I have a stored procedure which deals with adding nodes in a tree. Basically the table structure is
id INT PRIMARY
label VARCHAR(1) /* the value of the node which is a character */
parent_id INT /* id of the parent node */
Here is my stored procedure:
/*
takes a word, and adds every character in to the table
where every character is a child of the previous character
the first character of every word is a child of the root
*/
CREATE PROCEDURE rule(IN word VARCHAR(255))
BEGIN
/* (parent_id = 0) => child of root */
DECLARE pid INT DEFAULT 0; /* parent id */
DECLARE npid INT DEFAULT 0;
DECLARE strlength INT;
DECLARE j INT DEFAULT 1;
DECLARE query_count INT DEFAULT 0;
DECLARE active_char VARCHAR(1);
SET strlength = LENGTH(word);
/* loop through the word */
WHILE j <= strlength DO
/* get a single character from word */
SET active_char = SUBSTR(word,j,1);
/* if the character doesn't already exist, insert it */
SELECT COUNT(*) INTO query_count FROM tree
WHERE parent_id = pid AND label = active_char;
IF (query_count = 0) THEN
INSERT INTO tree (label, parent_id)
VALUES (active_char,pid);
END IF;
/* Set the new parent id */
SELECT id INTO npid FROM tree
WHERE label = active_char AND parent_id = pid;
SET pid = npid;
SET j = j + 1;
END WHILE;
END //
I’m sure there are a few tweaks I can make to make the procedure a bit more efficient but I can’t think of anything that would significantly reduce the time needed.
I’m dealing with a lot of words which means this procedure is run a couple 100,000 times which in turn means a lot of inserts and a lot of queries.
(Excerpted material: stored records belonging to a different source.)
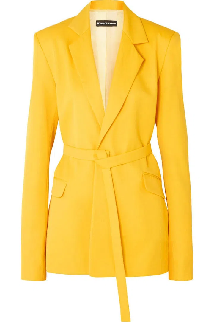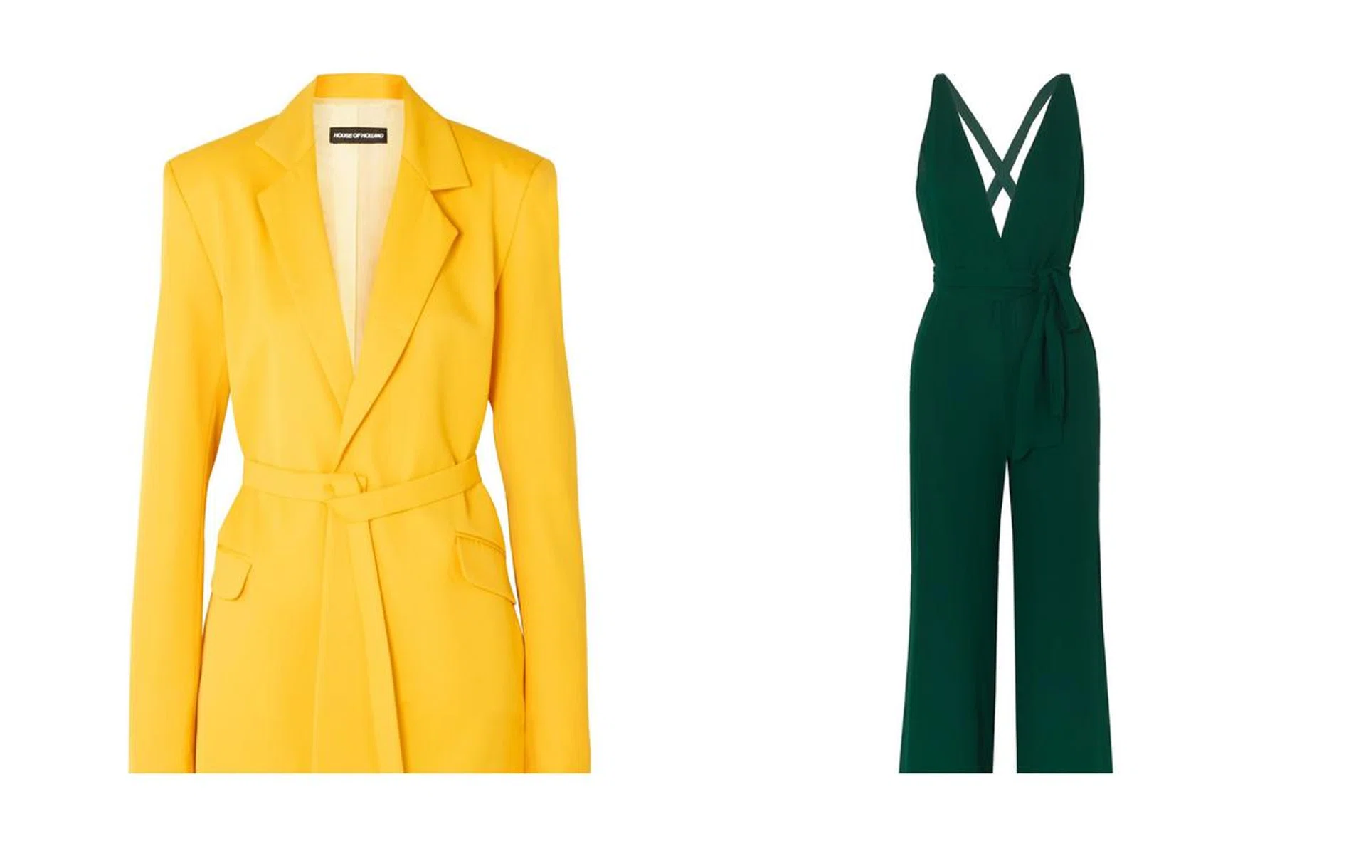 黄色和绿色在色轮上彼此相邻(即类似),因此搭配起来一定好看。此外,翠绿色和黄水晶黄色,同属一个颜色系列 ——宝石色调 ,这也是为什么两者搭配起来特别醒目和亮丽。建议:我们选择了House of Holland笔挺的西装,配上Reformation潇洒深V连体裤。你可搭配一条吊坠项链与一双时髦的凉鞋高跟,散发活力气息。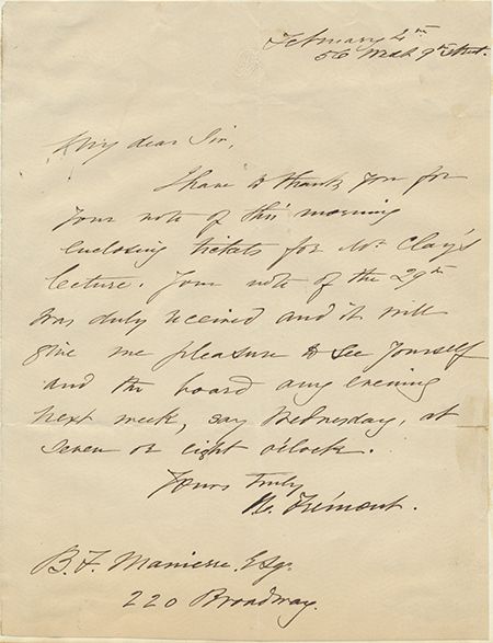 (1813 - 1890) "The Pathfinder", explorer of the western frontier and Union army major general until sacked by Lincoln for his efforts to garner more power. A.L.S. 1p. 8vo., New York, Feb. 4 [1861] thanking his correspondent for: "...enclosing tickets for Mr. [Cassius M.?] Clay's lecture...it will give me great pleasure to see yourself and the board any evening next week...". With engraving. Mounted, very good.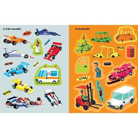 Samolepková knížka obsahuje 16 barevných stran a 8 stran samolepek k dolepení.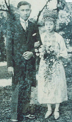 当年大马华人富豪田贵泉娶妻的婚纱照,此为巴巴家庭婚礼示人的标准装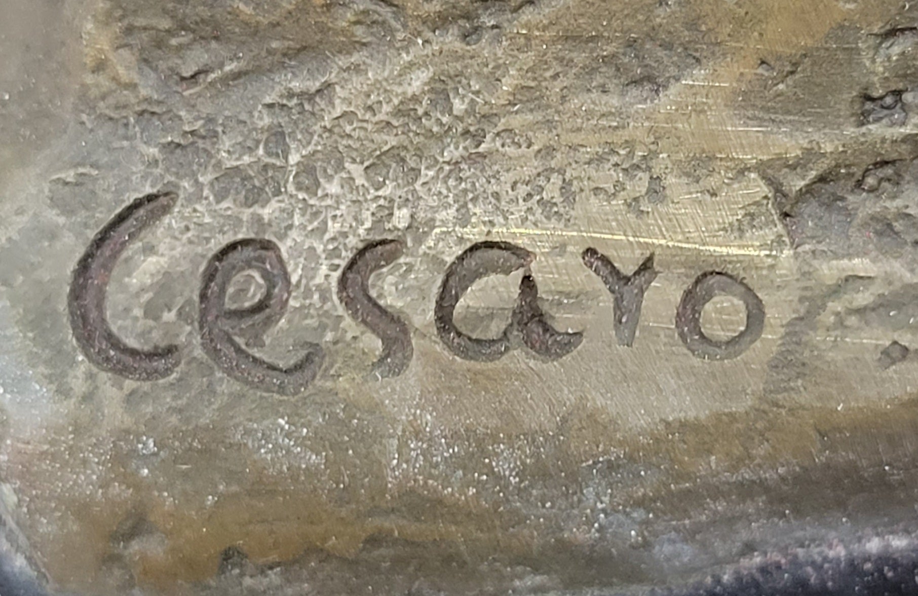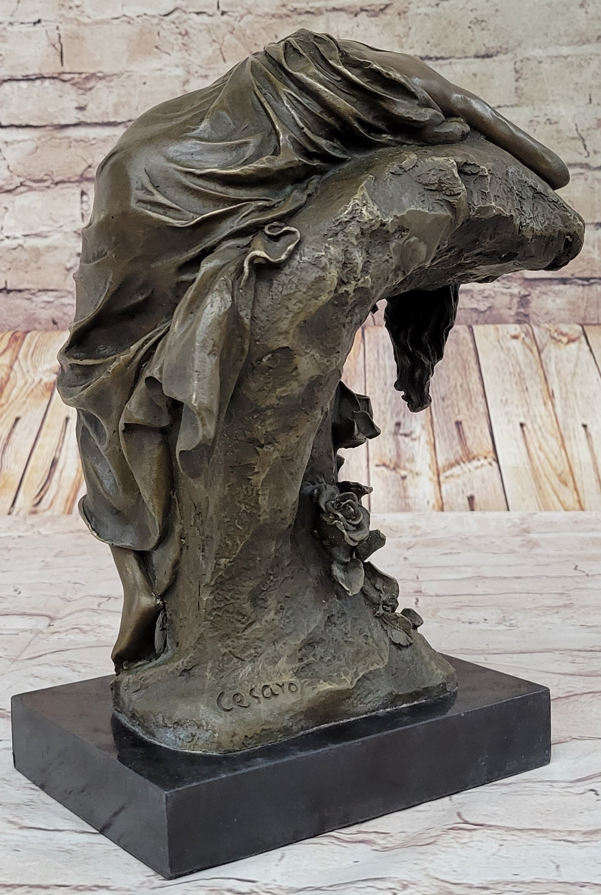 Crafted through the revered "Lost Wax Method," this sculpture stands as a true embodiment of artistic finesse. The warm brown patina that envelops its surface not only lends it a timeless beauty but also pays homage to the sculpting tradition. Artist Cesaro's signature adds the final touch, symbolizing both authenticity and quality. This masterpiece is not merely a sculpture; it's an expression of sensuality and sophistication that will undoubtedly enrich any art collection it graces.Bronze Dimensions with Marble Base: Height 11" X Width 9"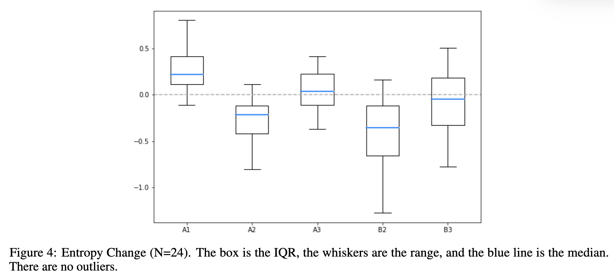 w_lava and over w_alive if these distributions are sharp (concetrated at one point then it's more certain). More uncertainty = more spread out distribution = higher entropy. So if ∆H > 0 it means that the robot's choice set made it more confident than it should have. And if ∆H < 0 it means that the robot's choice set made it less confident than it should have. Why can both be bad? In certain situation, we want the robot to be really confident of what it is doing and and its utility depends on it, I don't want a medical robot whose reward function is uncertain about what to do during surgery, its reward function should be very clear about which equipment to use and what part of the body to operate on. It shouldn't be like 50% of my reward function says that removing the liver is good the other 50% says it's not. On the other hand, a robot that is tasked with serving customers can get away with a reward function which is more spread out. The robot can be unsure about what exact meal to serve, but still get away with it since serving a pizza over pasta is not as disastrous as operating on the wrong body part. Infact, for such a robot, a more spread out probability distribution might result in better experience.Observations about entropy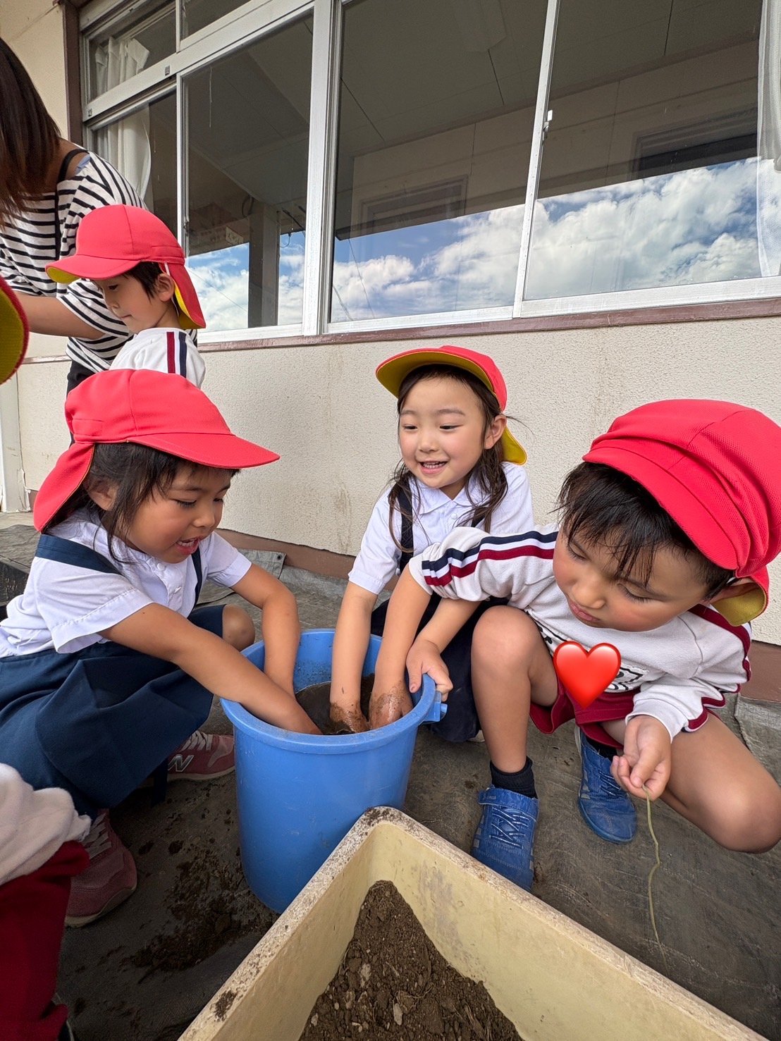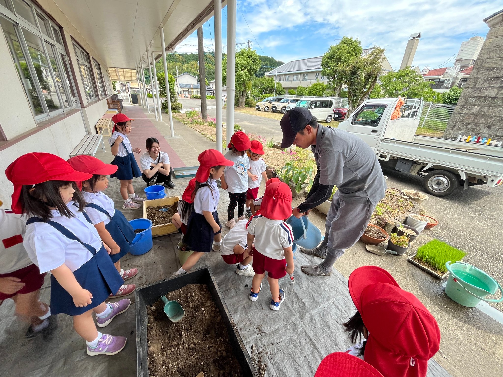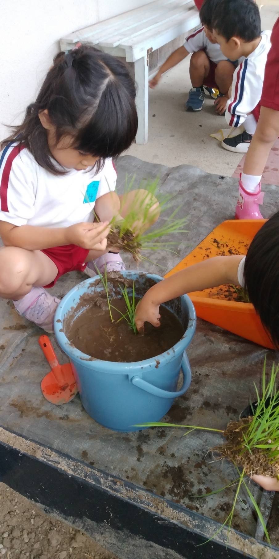 本日午後、ひかり組がバケツ苗植え替えに挑戦!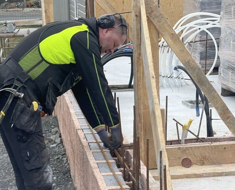 Járnabinding by olof | Apr 1, 2026Styrktarjárn eru sett í veggina jafnóðum og hver röð af steinum er hlaðin.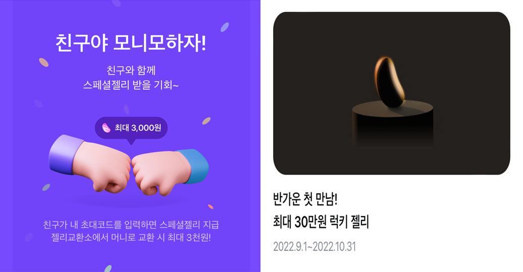 그리고 처음 오시면 럭키젤리를 주는 이벤트가 있으니 꼭 이벤트 젤리는 챙겨가시길 바랍니다. 이 럭키젤리가 상당히 많이 주는 것 같아요. 럭키젤리를 잘만 이용하신다면 첫 달에 최대 30만원까지는 받아가실 수 있다고 합니다. 근데 한 가지 아쉬운 점이 이벤트는 기한이 정해져 있기 때문에 2022년 10월 31일까지만 받으실 수 있나 봐요.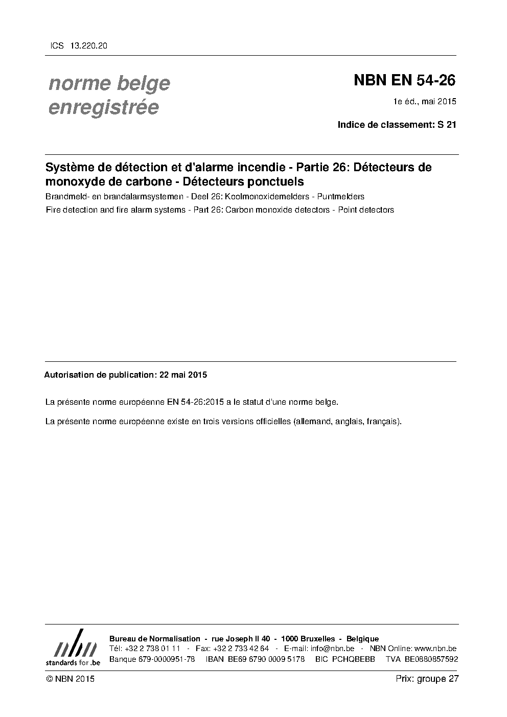 | Publisher | Bureau de Normalisation Belge (NBN) |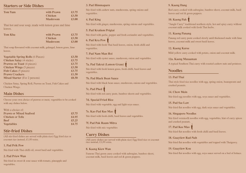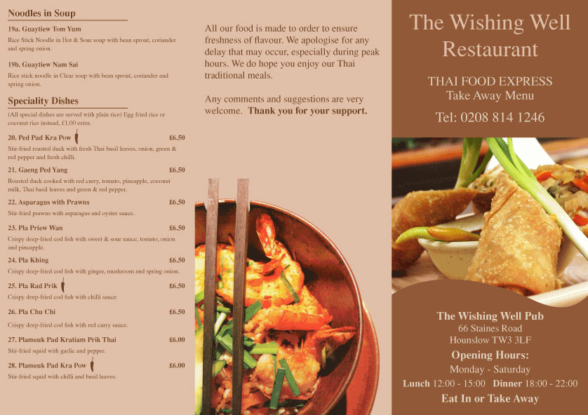 Three fold menu design for a local thai food take away restaurant, The Wishing Well.

It takes hours perhaps days(not sure because I gave up waiting and stopped the process).
The thing is, I don’t think I can do a bulk insert because every insert depends on a previous insert.
I was wondering if there’s some way to create a virtual table that’s stored in main memory to do all these operations fast and then just save the result in to the actual table.
At the moment, the only possible solution I can think of is to build the tree in PHP and then do a bulk insert. I think this should be faster but I’m not sure up to what degree.
Any help would be really appreciated.
Thanks.
Whilst I’m afraid I can’t claim to have used it myself, passing the data down to the stored procedure as XML and processing it as described here would seem a reasonable approach. N.B. MySQL 5.1 or higher.